We conclude that a complex combination of local contextual factors, rather than isolated barriers and facilitators, influenced implementation in these 5 African hospitals. Namely, leveraging the intrinsic motivation of clinical leaders was key to SUSP implementation in these five hospitals. These individuals spanned organisational boundaries to establish broad support for the SUSP programme, building on enabling infrastructures (e.g. surveillance, hospital networks, formation of multidisciplinary teams) and adaptive tools (e.g. learning from defects, executive rounds guide) to change perceptions and behaviours to prevent SSI. Availability of qualitative information on factors influencing implementation and uptake of IPC interventions in settings with limited resources is scarce and thus, the lessons learned in these hospitals are critical for the future adaption of the SUSP project and for other quality improvement work in other resource-limited settings. The combination of technical and adaptive elements represents a promising approach to facilitate the introduction of evidence-based best practices and to improve safety culture through local team engagement in resource-limited settings. This is also useful to inspire global strategies for SSI prevention implementation.
We would like to warmly thank all interviewees for their participation. We would further like to acknowledge Vipra Ghimire for her assistance conducting interviews.
This work was funded by the World Health Organisation and the US Agency for Healthcare Research and Quality. Partial funding was also provided by Swiss National Science Foundation (project 32003B-122324). The source of funding played no role in data collection or interpretation. The opinions expressed in this article are those of the authors and do not reflect the official position of WHO. WHO takes no responsibility for the information provided or the views expressed in this article.

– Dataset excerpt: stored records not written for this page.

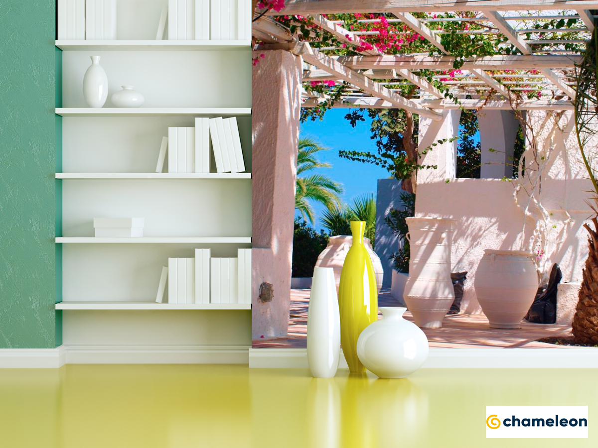 Фотошпалери «Фотошпалери Дворик в Санторіні», (арт. 9582) - купити в інтернет-магазині «Будинок Фотошпалер» Хамелеон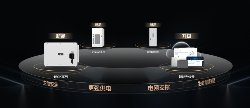 此次重點(diǎn)推出了150K更大功率工商業(yè)逆變器、行業(yè)首款風(fēng)液智冷工商業(yè)儲(chǔ)能、360kW/480kW液冷超充主機(jī)、全新升級(jí)的智能光伏云等。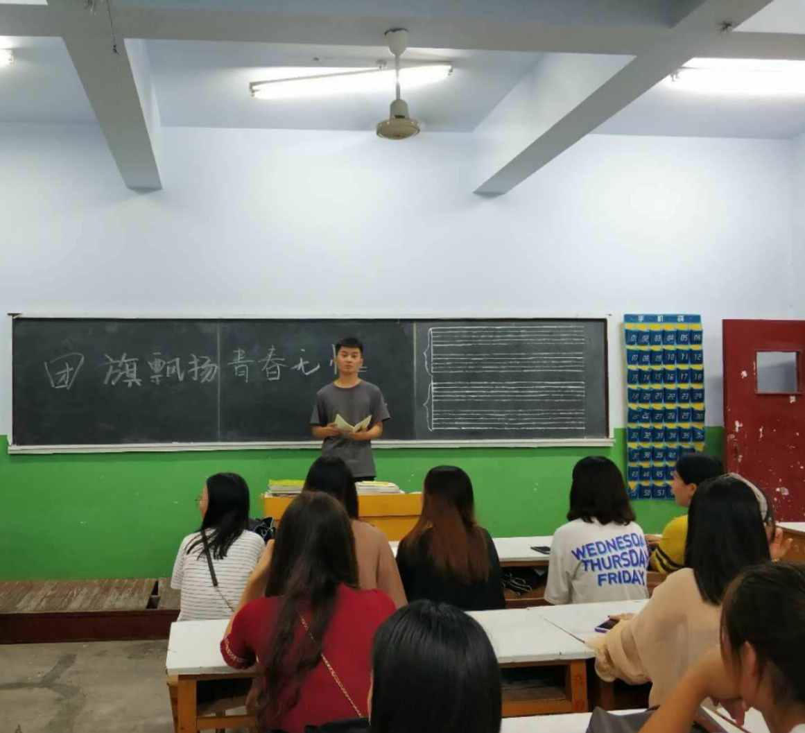 2018年 5月15号,我院2017级音学二班在1008教室开展“团旗飘扬,青春无悔”的主题班会活动。
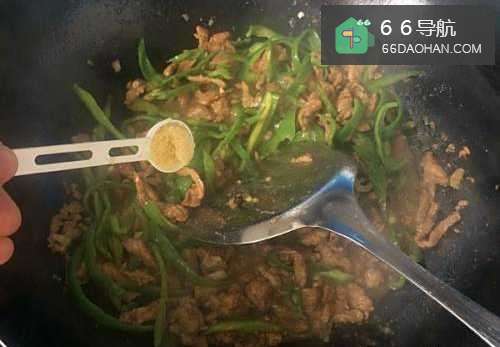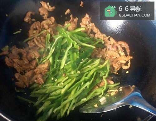 5把青椒放入锅内和肉一起炒,再加一点凉水拌匀,然后你就可以尝一下味道了,根据自己的喜好再添加一点盐,不能加多了肉里面本身就加了盐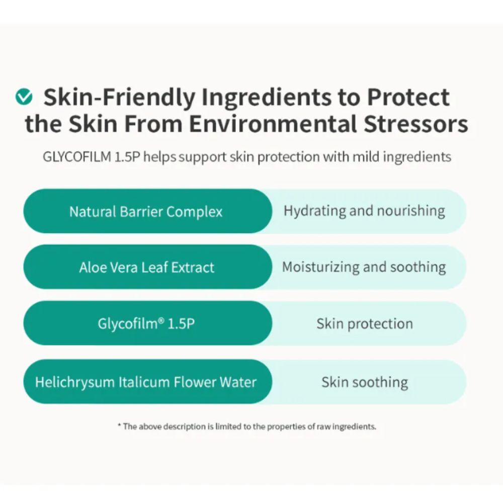 Include ingredientul Glycofilm 1.5P, care formează o peliculă protectoare împotriva poluării și factorilor externi nocivi.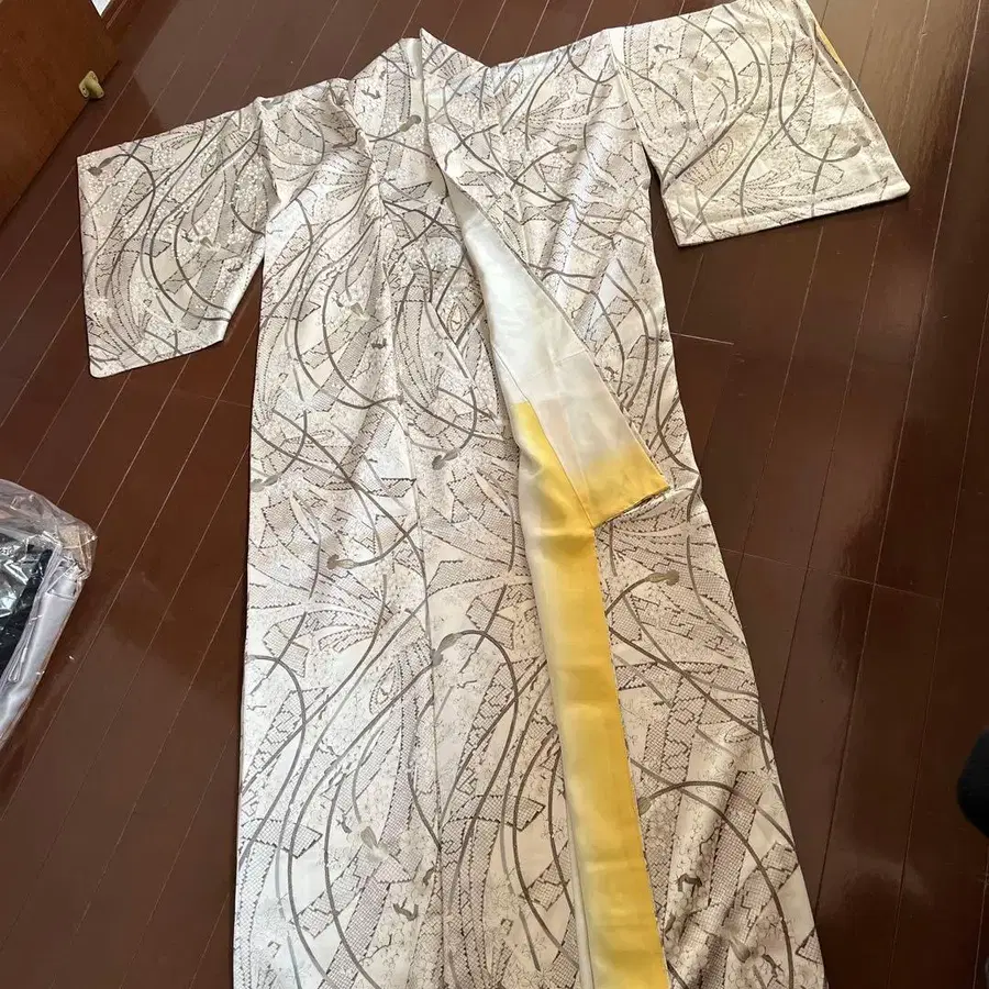 아주 좋은 물건입니다. 사진으로는 아름다움이 반감되었지만, 광택이 있어 아름다운 기모노입니다. 한 번도 착용하지 않았지만, 10년 이상 전에 구매 후 보관했기 때문에 얼룩 등은 없지만, 기모노 옷장의 냄새가 조금 있습니다. 기장 158 소매 길이 47 화장 60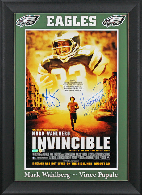 Mark Wahlberg & Vince Papale Invincible Signed 16x24 Framed Poster BAS #BP56174

Availability of data and materials
Requests for more detailed information regarding the collected data can be addressed to the corresponding author.
LC, SB, AA, BA and HS contributed to study conception and design. LC and VG conducted data collection. LC and UW conducted data analysis. LC drafted the manuscript. All authors provided critical revisions and approved the final manuscript.
Ethics approval and consent to participate
Participation was voluntary and participants were free to withdraw from the interview at any time. All interviewees provided written informed consent. This qualitative study was considered by the WHO Ethics Review Committee (ERC) as exempted from ERC review. The SUSP intervention was approved by ERC (RPC632, WHO HQ ERC) and the institutional ethics committees of all five participating hospitals.
Consent for publication
All study participants provided consent to publish this research.
The authors report no competing interests.